Dataset excerpts:
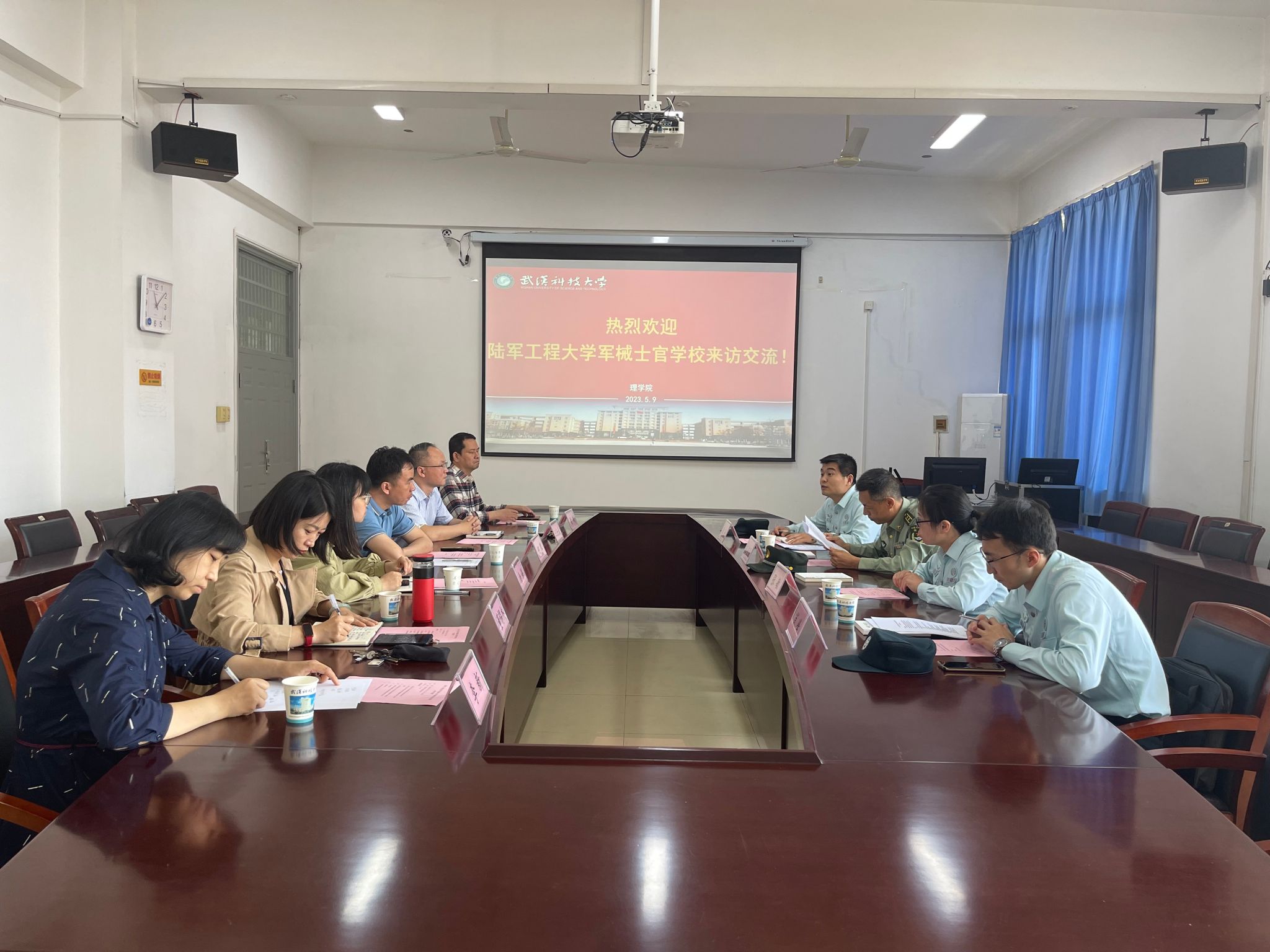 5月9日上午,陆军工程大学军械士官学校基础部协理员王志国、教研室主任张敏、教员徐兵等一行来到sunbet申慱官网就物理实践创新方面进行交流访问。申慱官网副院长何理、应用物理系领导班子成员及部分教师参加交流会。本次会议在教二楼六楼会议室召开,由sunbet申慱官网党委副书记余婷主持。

* * *

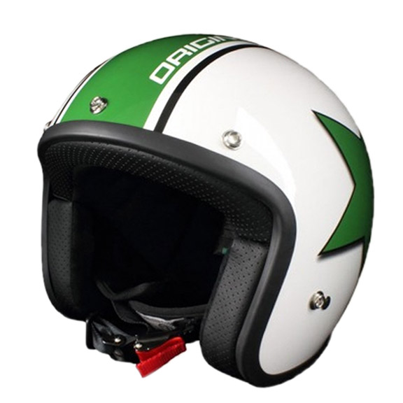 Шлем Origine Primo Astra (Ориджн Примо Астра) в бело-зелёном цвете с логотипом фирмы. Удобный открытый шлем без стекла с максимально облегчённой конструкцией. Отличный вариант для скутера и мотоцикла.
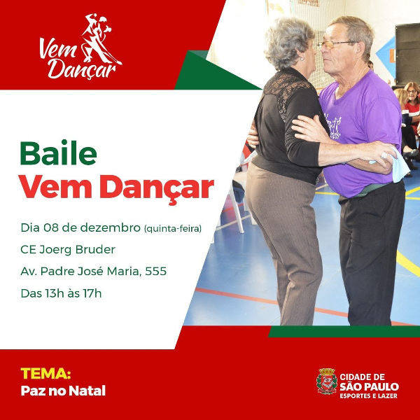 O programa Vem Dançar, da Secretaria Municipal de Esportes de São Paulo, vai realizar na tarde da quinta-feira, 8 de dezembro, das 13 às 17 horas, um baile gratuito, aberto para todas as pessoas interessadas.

Task: Reproduce the lines above beginning at the line that contains "Шлем Origine Primo" and ending at the line that contains "O programa Vem". No pictures.

Final answer:
 Шлем Origine Primo Astra (Ориджн Примо Астра) в бело-зелёном цвете с логотипом фирмы. Удобный открытый шлем без стекла с максимально облегчённой конструкцией. Отличный вариант для скутера и мотоцикла.
 O programa Vem Dançar, da Secretaria Municipal de Esportes de São Paulo, vai realizar na tarde da quinta-feira, 8 de dezembro, das 13 às 17 horas, um baile gratuito, aberto para todas as pessoas interessadas.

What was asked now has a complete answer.